TRANSPARENT MIRROR
Albert Mertz and Lone Mertz
Stalke Galleri, Kirke Sonnerup
1.10.2011 to 11.11.2011.
Info:
THE TRANSPARENT MIRROR
ALBERT MERTZ AND LONE MERTZ
STALKE GALLERY - KIRKE SONNERUP
Stalke Gallery, Kirke Sonnerup, has invited Lone Mertz to create an exhibition based on the collaboration she had with Albert Mertz from 1974 until his death in 1990. The exhibition will include both known and unknown works, old and new, which form a cohesive installation.
Albert Mertz lived his life through a variety of artistic expressions, methods, and media, but as he often stated, "the differences are the same"! It was not about a specific style or form but rather about the most precise articulation of content and meaning, which repeatedly became the subject of new investigations and questions.
For part of his life, until his death in 1990, Albert Mertz worked in-depth with a philosophy of existence, which led him to explore the relationship between the colors red and blue—an interest that manifested in a Tibetan worldview.

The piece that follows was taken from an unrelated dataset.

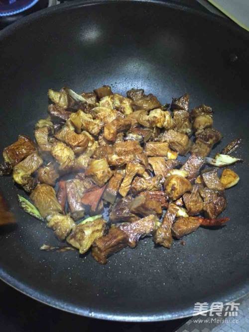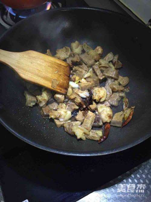 4翻炒至牛肉稍变色,倒入味极鲜,稍稍翻炒马上倒入老抽(老抽用于上色,根据颜色掌握用量)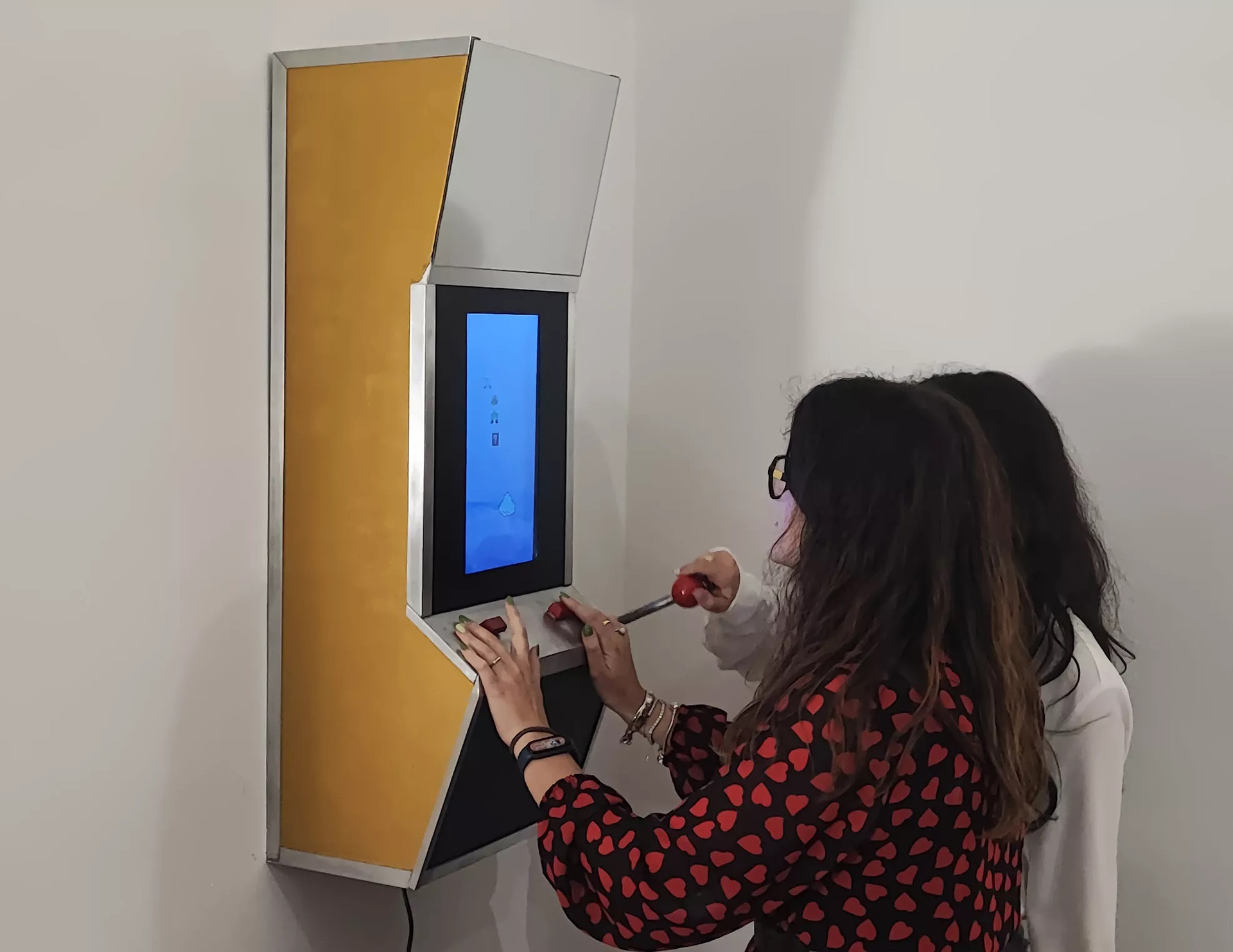 The chair is the coveted workplace: its comfortable but has wheels, and therefore demands a certain dynamism, the artist tells us. The start screen of Rab Sitting encourages us to reach these chairs, and to do so we can move Mario using three buttons and the slot-machine-style lever of the custom-built arcade cabinet that Ghidini assembled for the game. We try to figure out how it works, attempt after attempt, but whatever we do Mario seems destined to fall and die.

This is the trail Lone Mertz continues to follow. A glass box she created for Glænø Beach in Denmark in 1993 was later relocated to a site in the Himalayas at an altitude of 4,400 meters, where it still stands today in the mountains as a "fifth window" in a Tibetan temple. Like a blessing, it casts symbolic light on Albert Mertz’s final presentation of red and blue.
Albert Mertz’s 1972 presentation at Den Frie in Copenhagen was accompanied by the work "Painted Windows," 7 photographs printed on canvas and then painted over with paintings. The photographs depicted newly painted, blending, and thereby illusory windows that could not be seen through. They spoke of art that no longer needed transparency or a relation to the everyday world, art that blended in and installed itself, shutting off from its conventions.
Art in the exhibition space and gallery is a closed affair, one with a clear purpose. But the red-and-blue proposition still shows, perhaps as a kind of reserve, a path toward life's diversity, where the creative ability is the essential blueprint for humanity?
Lone Mertz has curated several exhibitions with Albert Mertz's works. Most recently, in 2010, she presented them at Kunsthalle Lingen in Germany, where some of the most significant pieces and large reconstructions of painted walls were exhibited. On October 6, 2011, the Daimler Contemporary in Berlin featured "Conceptual Tendencies 1960s to today," including 25 works by Albert Mertz, marking the first time his works found a place in German art institutions outside Denmark. This year, the long-awaited book on Albert Mertz, titled "Mertz om Mertz" (Mertz on Mertz), will be published by Vandkunsten Press.